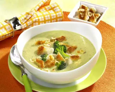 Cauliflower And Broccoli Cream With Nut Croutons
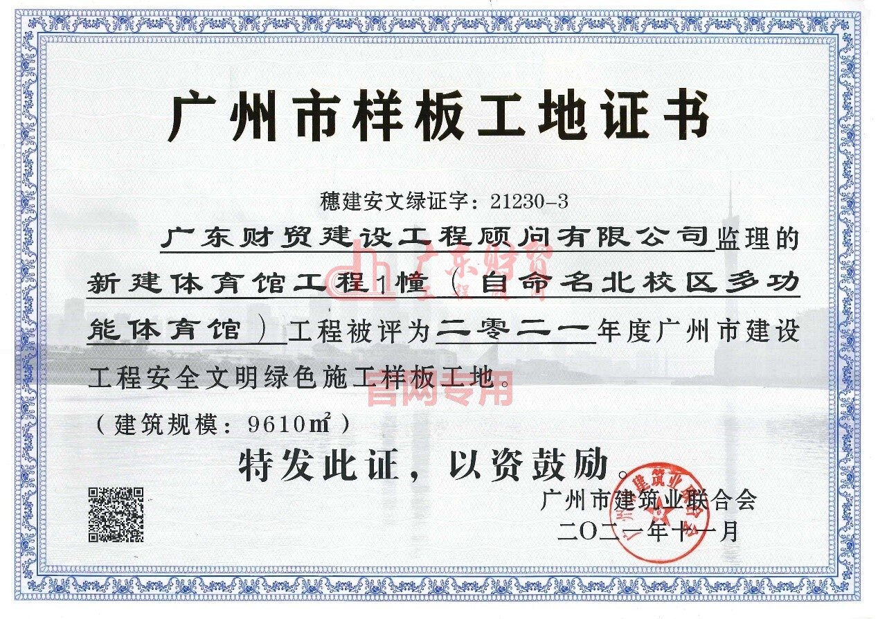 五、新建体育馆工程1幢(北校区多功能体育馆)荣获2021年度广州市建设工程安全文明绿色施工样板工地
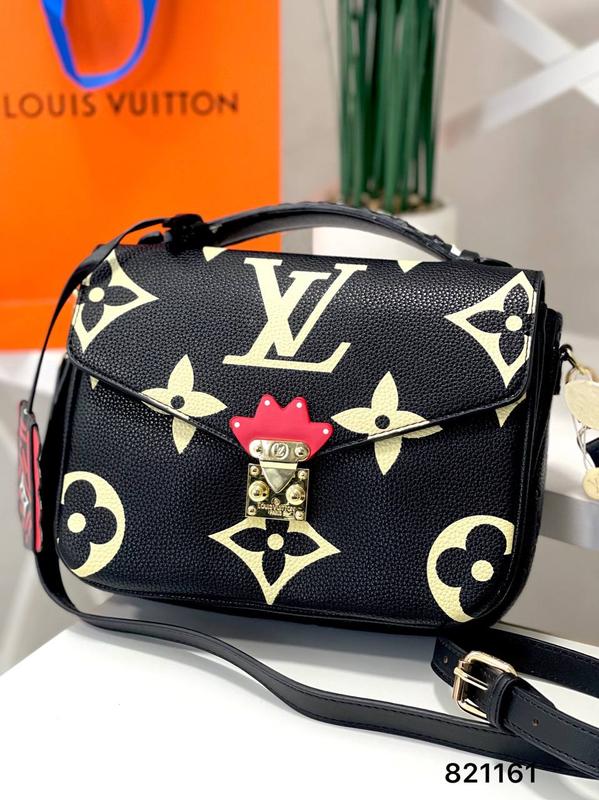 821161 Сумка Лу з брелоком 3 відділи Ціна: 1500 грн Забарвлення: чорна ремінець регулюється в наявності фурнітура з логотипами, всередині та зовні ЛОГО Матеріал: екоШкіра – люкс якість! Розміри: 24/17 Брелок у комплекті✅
※
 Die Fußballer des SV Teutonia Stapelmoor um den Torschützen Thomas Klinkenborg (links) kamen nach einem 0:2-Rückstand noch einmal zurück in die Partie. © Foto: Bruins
※
▶ **Activity**: Reproduce the listing above only between the lines holding "Cauliflower And Broccoli" and "821161 Сумка Лу", inclusive. Every line must match exactly, and pictures are dropped.

▶ **Answer to the problem**:
 Cauliflower And Broccoli Cream With Nut Croutons
 五、新建体育馆工程1幢(北校区多功能体育馆)荣获2021年度广州市建设工程安全文明绿色施工样板工地
 821161 Сумка Лу з брелоком 3 відділи Ціна: 1500 грн Забарвлення: чорна ремінець регулюється в наявності фурнітура з логотипами, всередині та зовні ЛОГО Матеріал: екоШкіра – люкс якість! Розміри: 24/17 Брелок у комплекті✅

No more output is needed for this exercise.